Researchers at the Centre for Genomic Regulation published a perspective paper in Nature Machine Intelligence on May 11, 2026, calling for increased transparency in protein language models. The authors advocate for “explainable AI” to ensure that AI-driven protein design is safe, reliable, and understandable for scientists applying these tools in biotechnology.
Protein language models (pLMs) have emerged as critical tools for engineering proteins with specific, useful properties. These AI systems can design entirely new structures that have never existed in nature, offering a path toward solving significant global challenges. Potential applications include the synthesis of enzymes capable of absorbing carbon dioxide from the atmosphere and the creation of catalysts that reduce energy consumption and toxic waste in industrial settings.

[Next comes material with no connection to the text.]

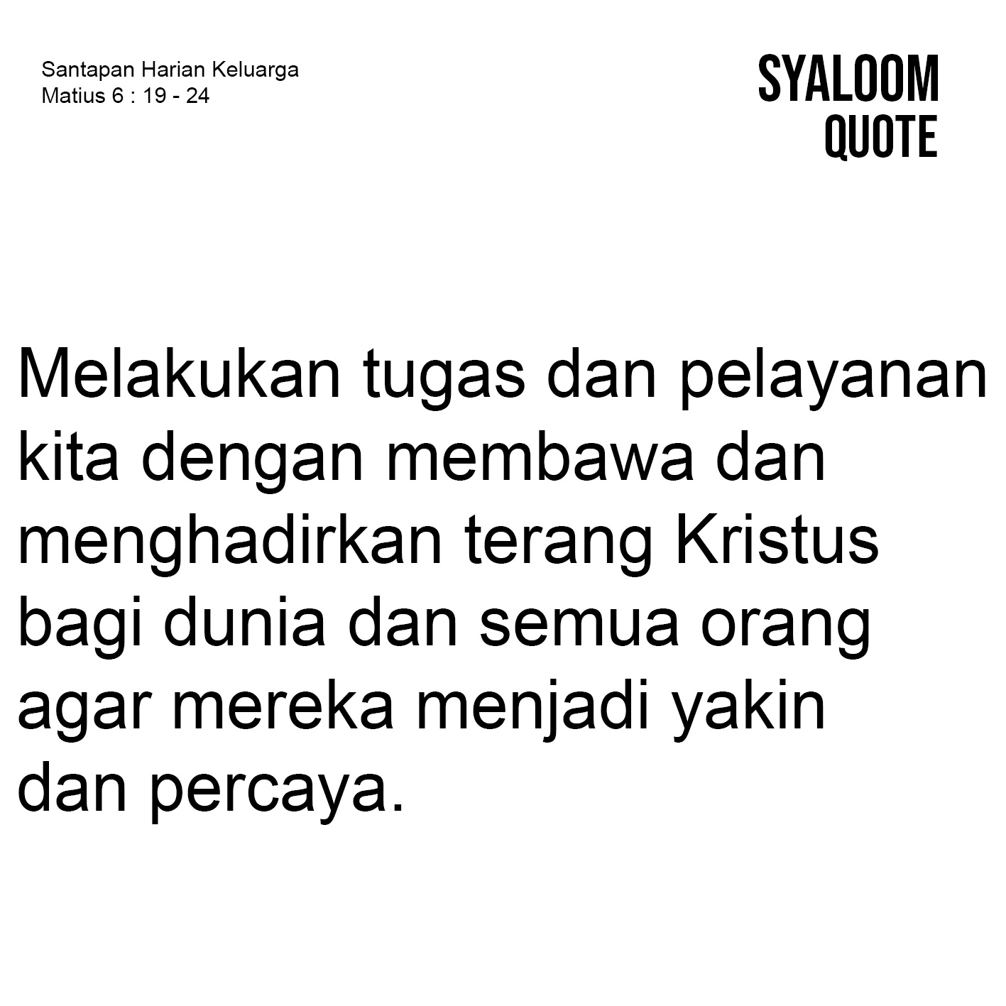 Doa: Ya Tuhan mampukan kami agar kami mampu menjadi terang dalam kehidupan kami. Amin.

The Black Box Problem in Protein Design
Despite their utility, pLMs often function as black boxes
, a term describing systems where the internal logic and decision-making processes are opaque to the user. This lack of transparency creates a significant hurdle for scientists who must decide whether a model’s prediction is reliable, biased, or safe for real-world application. As these models begin to influence actual decisions in the biotechnology sector, the inability to audit their reasoning increases operational risk.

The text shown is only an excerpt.